Building Offline AI Agents in Your Mobile App

conference

Mobile

Intermediate

Vendredi 09:00 Belem

Sasha Denisov

EPAM SystemsBerlin, Germany

Dive into building the next generation of mobile apps powered by Offline AI Agents. This talk explores how to leverage the power of Edge AI and on-device processing to create intelligent agents that function entirely without an internet connection—enhancing privacy, reducing latency, and enabling innovative features independent of the cloud.

We'll focus on using lightweight, state-of-the-art open models, particularly Google's Gemma family (including upcoming versions like Gemma 3), which are designed to run efficiently on modern mobile devices. These models serve as the "brain" of offline AI agents, unlocking powerful capabilities right at the edge.
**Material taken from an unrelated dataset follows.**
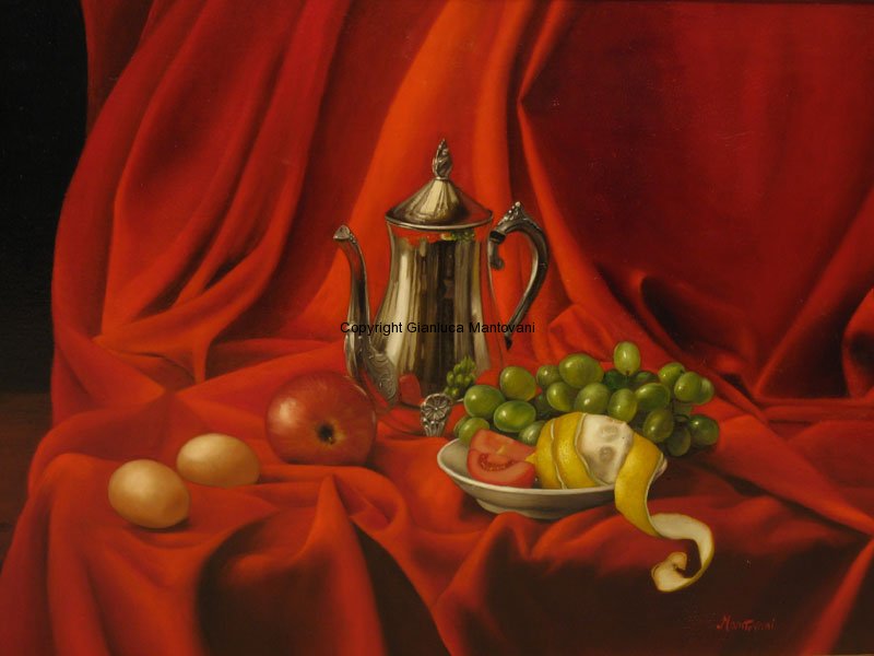 Se va acercando a la pintura realista, expresión artística en la que se encuentra más a gusto. Su investigación por la perfección y por plasmar la realidad se convierte en una fuente de estímulo y de satisfacción personal, y todo esto culmina con su gran capacidad para reproducir detalles en el realismo más puro. Los colores que utiliza Mantovani en sus pinturas están vivos y densos como la sangre, palpables y espesos.

While the ideas apply broadly to mobile development, special attention will be given to Flutter, where the benefits of cross-platform delivery meet the power of on-device AI. As the maintainer of the flutter_gemma plugin, I’ll share practical insights on running LLMs like Gemma directly in Flutter apps, enabling real-time intelligence without backend dependencies.

You’ll learn practical steps for implementing these agents—from selecting the right on-device model variant (such as Gemma, Deepseek, or Mistral Small) based on task complexity and device constraints, to integrating and orchestrating them within your app. We’ll also explore the trade-offs involved: the advantages of offline AI (privacy, low latency, resilience) versus the limitations (model size, device compute capacity) when compared to cloud-based alternatives.

Beyond that, the talk introduces advanced use cases like on-device Retrieval-Augmented Generation (RAG), enabling your agents to access and utilize local data (such as stored notes or embedded databases) for personalized, context-aware interaction—entirely offline.